Read Delerium's Mistress: Tales of the Flat Earth Book 4 Online
Authors: Tanith Lee
“Then know,” said Qurob, “I alone, of all your sons, was false.”
And then Qurob explained everything he had done, and reminded the king of what
had been done through his lies. And the king started up in anguish, and his
heart burst and he died.
When the diadem of the city had been set on the brow of Qurob, his
mother came to him privately, in a shadow robe of mourning tear-sprinkled with
priceless gems.
“Now attend to me, my son,” said she. And she apprised him of the
prophetic witch who had come to her the very day of Qurob’s advent in the
world, and said he should be a king. But when he was king, he must not ride
upon a stallion’s back, for if he did the kingdom would be lost to him and he
would die. “I have told no other living soul,” said Qurob’s mother, “and all
who knew, I have made certain they are eternally silent. For if any are aware
but us two, they may turn the chance against you and trick you into just such a
ride.”
“Oh my mother,” said Qurob, “I am blessed in you. Oh most
sagacious of women, and best. I will heed your caution. None shall know save
you and me.”
Now it may be thought strange that Qurob should distrust his
mother, who had all this while kept the dangerous secret flawlessly. But most
men measure most matters by themselves. The woman had weaned her son to
trustlessness, and the trustless seldom trust another. Supposing he had one day
been at odds with her over something, or even that, growing older and infirm,
she muttered the story of the stallion’s back in a fever or in sleep?
So Qurob kissed his mother and gave her presents, and when she was
in her own apartments, he sent one after her to drown her in her bath, so it
should seem to be an accident. For had she not taught him for sixteen years to
be prudent?
The length of his lifetime and half again, then, Qurob ruled in
Nennafir, till he was forty years. He ruled in prosperity and health, no man
stood against him, and, though he was harsh and tyrannical, none spoke ill of
him but called him the Beloved King.
And be sure, for all the fine horses he selected, as if
carelessly, to ride upon, in all these years he never once took a stallion.
One day, Qurob went hunting. Beyond the flower fields that
garlanded the city there was a green plain with waters and spreading trees, and
here lived raisin-blue boars and shining white gazelles prized for their skins.
Nevertheless, on this day, the party started nothing, and the king became
sullen, in which humor he was feared. At last the sun was westering, and there
in the tall grass by a pool, Qurob beheld a gazelle drinking, white as the
word, and with a black star between her brows.
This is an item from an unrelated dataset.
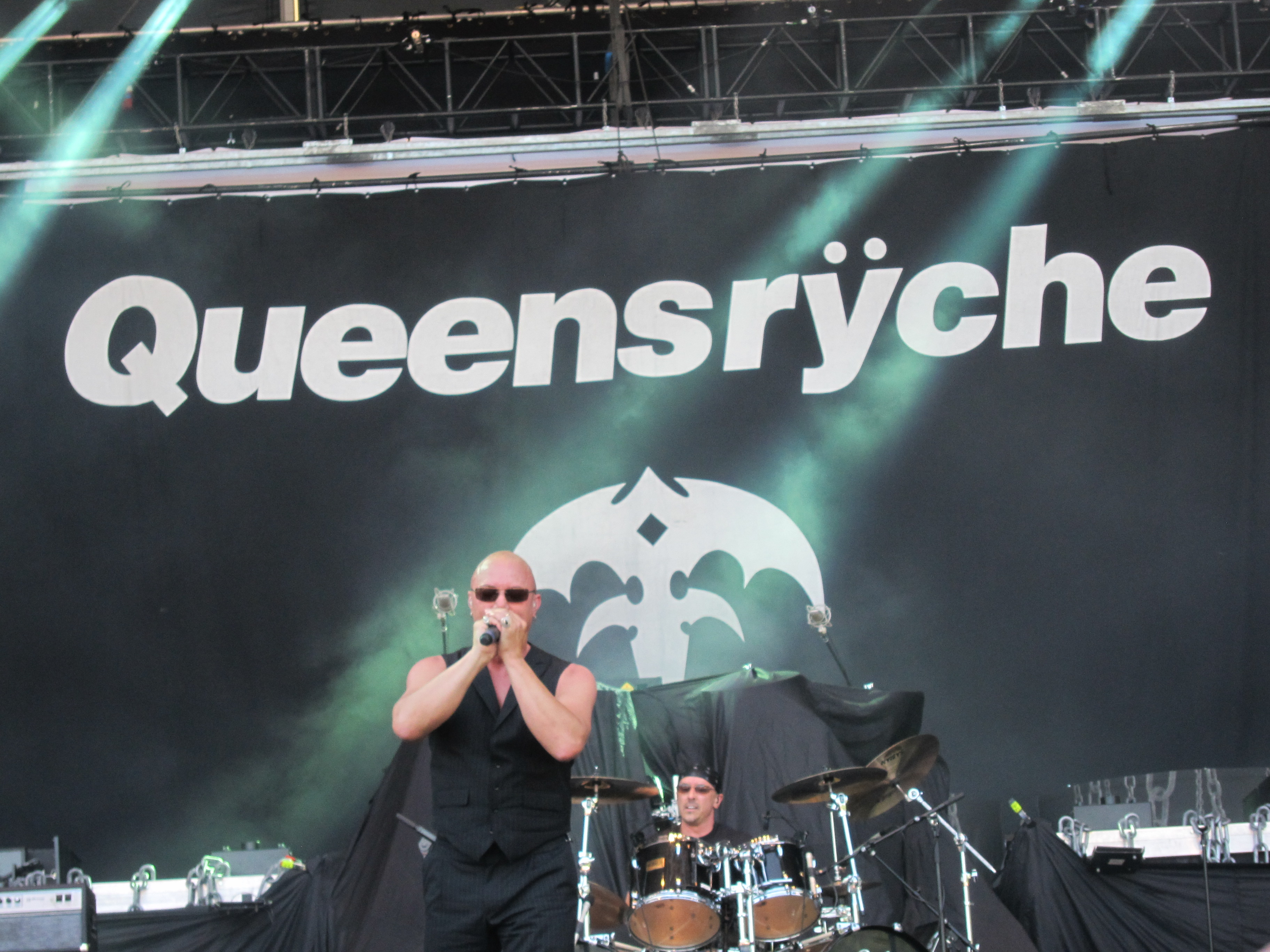 Queensrÿche performing at the Sauna Open Air Metal Festival in Tampere, Finland.

The hunt at once gave chase, and the animal leapt away fleet as a
spear. This was thought excellent sport, and every man shouted for
gratification—and relief, seeing the king would now be in a gentler mood. And
on and on the gazelle sprang, passing like a wind over grass and stone, leading
them toward the eastern sky, with the low sun at their backs.
But ride as they might, and cast spears, and shoot with the bow as
they might, they could not get near to her or wound her and bring her down. And
they left the hours behind them under their horses’ hoofs. The sun went on to
the western gate and knocked to be let forth.
The horses flagged. One by one the horsemen drew rein. Only the
king surged on. His courtiers dared not suggest to him any other course, but
each man but him, to save his mount, now dropped back to follow at a walk. The
gazelle they left to the king, and she and he were soon gone from sight into
the clear dark dusk.
Qurob did not like anything to elude him. His gelding labored, but
he thrashed it and spurred it to greater efforts.
He looked to see the white gazelle tire, but she did not. So he
called to her coaxingly over the echoing darkening plain: “Sweetheart, I admire
you and wish only to be near you. Let me come close. Let me protect you from
others who mean you harm.”
After a time, it seemed to Qurob he heard the gazelle cry back to
him: “Do not try those lies on me, Qurob. It was I taught you them, and I
remember how you repaid me!”
At that the hair bristled on Qurob’s neck. He went first chill
then hot then clammy cold, for it seemed he knew the voice of the gazelle; it
was like his mother’s.
Just then the gazelle reached a stand of trees and darted in among
them with a white flash. But she did not come out of the trees on the far side.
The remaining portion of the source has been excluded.